Start of MATERIALS PROVIDED

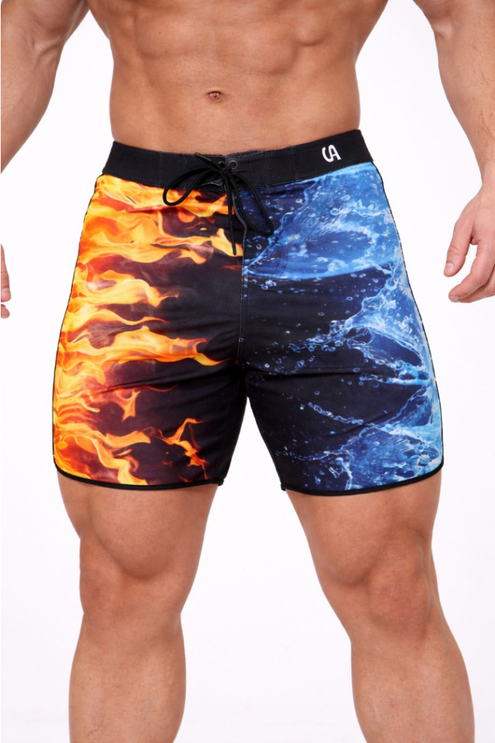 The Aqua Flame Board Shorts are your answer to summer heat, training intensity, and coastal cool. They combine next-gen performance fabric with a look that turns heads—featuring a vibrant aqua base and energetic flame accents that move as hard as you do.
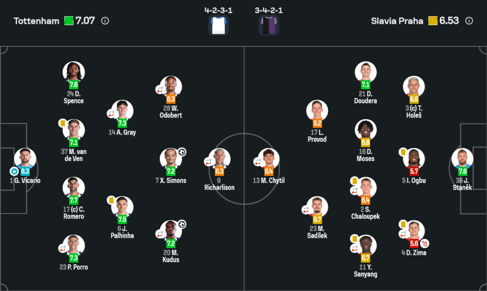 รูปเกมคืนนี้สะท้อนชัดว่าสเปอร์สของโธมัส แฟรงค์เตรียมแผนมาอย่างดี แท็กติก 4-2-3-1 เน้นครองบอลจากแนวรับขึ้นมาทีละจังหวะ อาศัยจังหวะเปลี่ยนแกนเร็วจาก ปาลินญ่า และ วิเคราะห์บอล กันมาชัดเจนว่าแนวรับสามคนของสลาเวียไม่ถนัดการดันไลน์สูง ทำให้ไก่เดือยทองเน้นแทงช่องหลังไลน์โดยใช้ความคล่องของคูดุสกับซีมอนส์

End of MATERIALS PROVIDED
Start of MATERIALS PROVIDED

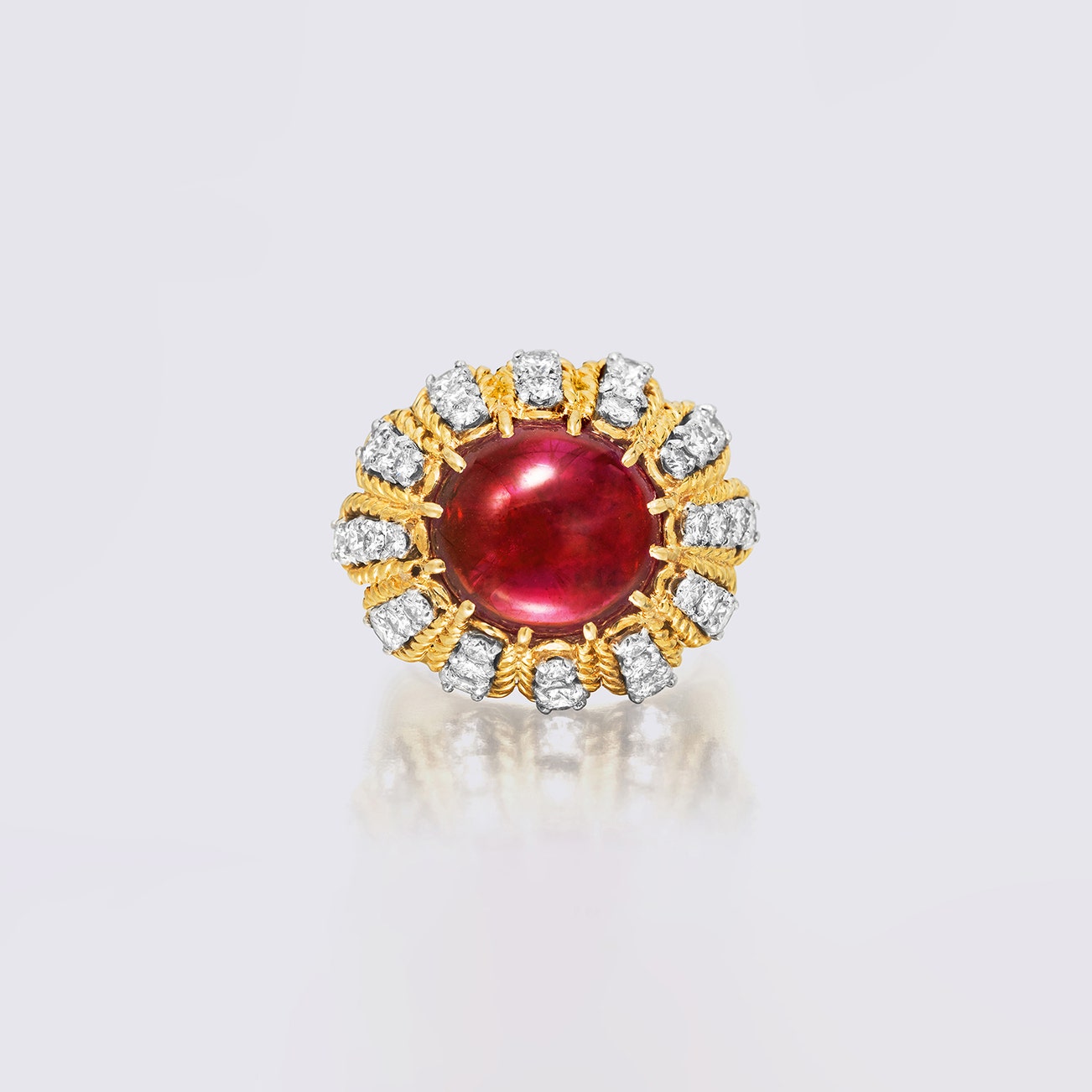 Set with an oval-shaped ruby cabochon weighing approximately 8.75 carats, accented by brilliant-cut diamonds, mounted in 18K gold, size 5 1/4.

End of MATERIALS PROVIDED

▶ _TASK ITEM_: Above are some records; extract exactly the lines from the one containing "The Aqua Flame" through the one containing "แฟรงค์เตรียมแผนมาอย่างดี แท็กติก 4-2-3-1" and drop the pictures.

▶ _WRITTEN RESPONSE_:
 The Aqua Flame Board Shorts are your answer to summer heat, training intensity, and coastal cool. They combine next-gen performance fabric with a look that turns heads—featuring a vibrant aqua base and energetic flame accents that move as hard as you do.
 รูปเกมคืนนี้สะท้อนชัดว่าสเปอร์สของโธมัส แฟรงค์เตรียมแผนมาอย่างดี แท็กติก 4-2-3-1 เน้นครองบอลจากแนวรับขึ้นมาทีละจังหวะ อาศัยจังหวะเปลี่ยนแกนเร็วจาก ปาลินญ่า และ วิเคราะห์บอล กันมาชัดเจนว่าแนวรับสามคนของสลาเวียไม่ถนัดการดันไลน์สูง ทำให้ไก่เดือยทองเน้นแทงช่องหลังไลน์โดยใช้ความคล่องของคูดุสกับซีมอนส์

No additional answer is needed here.